Key bills in California's health care reform debate passed an important test last week, setting the stage for legislative floor fights this week that will be closely monitored both by employers and industry groups.
Most of last Thursday's appropriations committee votes in the Democratic Party-dominated General Assembly and state Senate were widely regarded as no-brainers. The lead reform bills in each house were sponsored by Assembly Speaker Fabian Nu & #324;ez (D-Los Angeles) and Senate President Pro Tem Don Perata (D-Oakland).
Few believe that legislators, other than those in the Republican minority, would buck their leadership.
Both AB8 and SB48 follow loosely along the lines of what Gov. Arnold Schwarzenegger has indicated he would support, including requiring most employers who don't offer coverage to pay a fee based on a percentage of their payroll into a state-run pool that would subsidize coverage for the poor.

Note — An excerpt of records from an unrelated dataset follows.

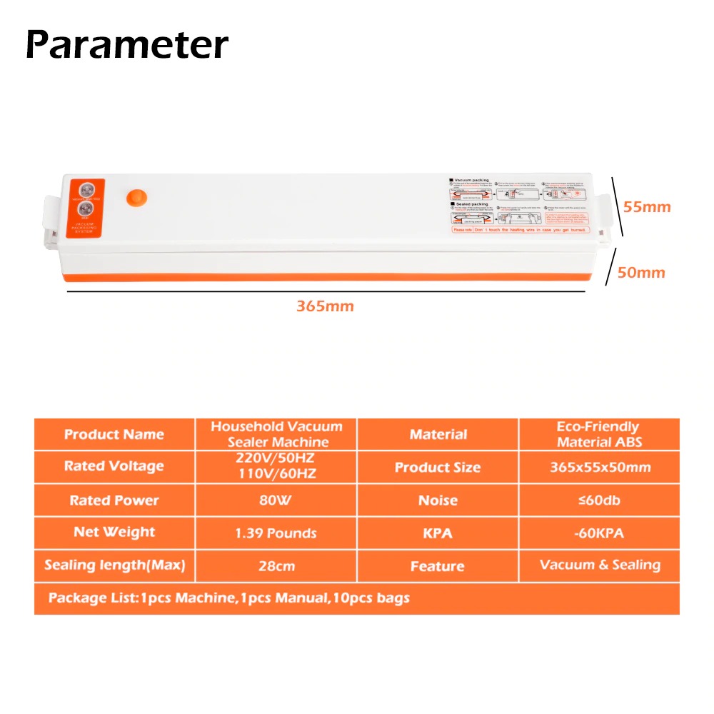 Huishoudelijke Voedsel Vacuumsealer Verpakkingsmachine Film Sealer Vacuümverpakker Voedsel Vers houden GRATIS GESCHENK 10 stks Opbergzakken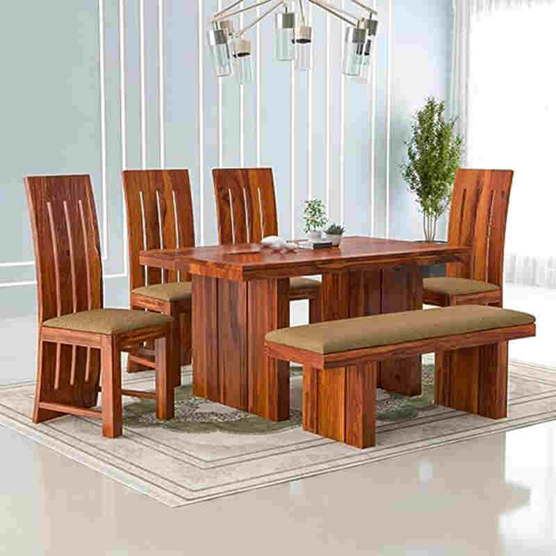 Wooden Dining Table Set with 4 Chairs and Bench in Cushion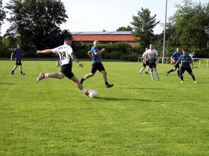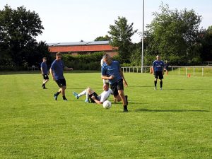 So auch das Spiel um Platz drei. Hier gewann SV Hahndorf 1. Herren gegen die Rautenfreunde mit 3:2. Auch beim Endspiel gab es ein Siebenmeterschießen. Hier gewann der FC Ping Pong gegen Ajax Lattenstramm mit 5:4. Turnierleiter Joachim Bürdeck konnte den Hahn an die Siegermannschaft des FC Ping Pong überreichen.

But neither bill requires every Californian to take responsibility for obtaining health insurance, an important requirement for Schwarzenegger, who personally had made health insurance a priority ever since he was a struggling bodybuilder newly arrived from Austria in the late 1960s.
And while Schwarzenegger has suggested 4 percent of payroll as a sufficient and fair employer mandate, legislative leaders appear headed toward approving a 7.5 percent fee. That would enable more people to be covered and neutralize opposition from physician and hospital groups, which under the Schwarzenegger plan would have paid separate assessments based on the additional revenue they would expect to gain from the plan.

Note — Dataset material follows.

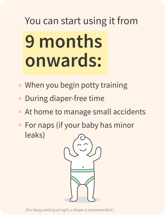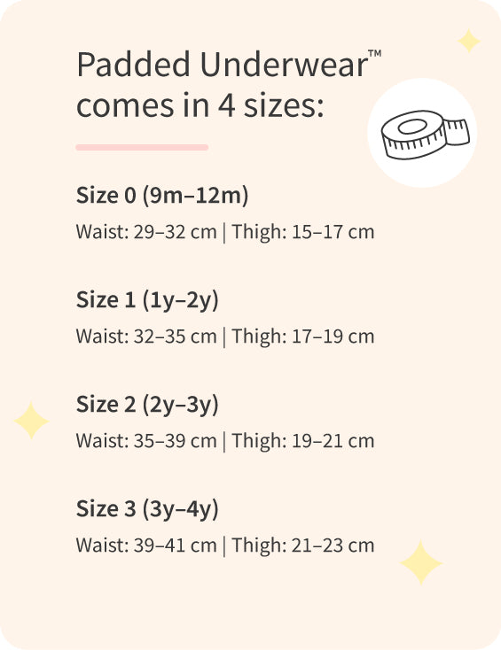 You can start using our padded underwear for toddlers and babies once they show signs of readiness for potty training, usually around 18–24 months. But please note that SuperBottoms offers a wide range of Padded Underwear sizes for children from 9 months to 4 years.

California Restaurant Association President Jot Condie has been among the most vocal of business opponents to the employer mandate, and predicts the business community will band together to file lawsuits and launch petition drives to overturn the law if the governor signs it.
"This is a societal problem and there ought to be a broader base solution than hurting the very employers who are operating on very low profit margins," said Condie, who believes a lower, but more broadly applied tax would be less burdensome and punitive.
A third comprehensive reform bill, SB 840, which is a single-payer alternative from State Sen. Sheila Kuehl (D-Santa Monica), also passed out of appropriations. It's considered to have enough support among Democrats to win legislative passage, but likely will fall victim to Schwarzenegger's veto pen, as happened last year to an previous version of the bill.
The only real drama among last week's health care votes concerned the fate of AB 1553, Assemblyman Dave Jones' (D-Sacramento) attempt to correct what he considers a key flaw in both the Nu & #324;ez and Perata plans the lack of price controls over insurers.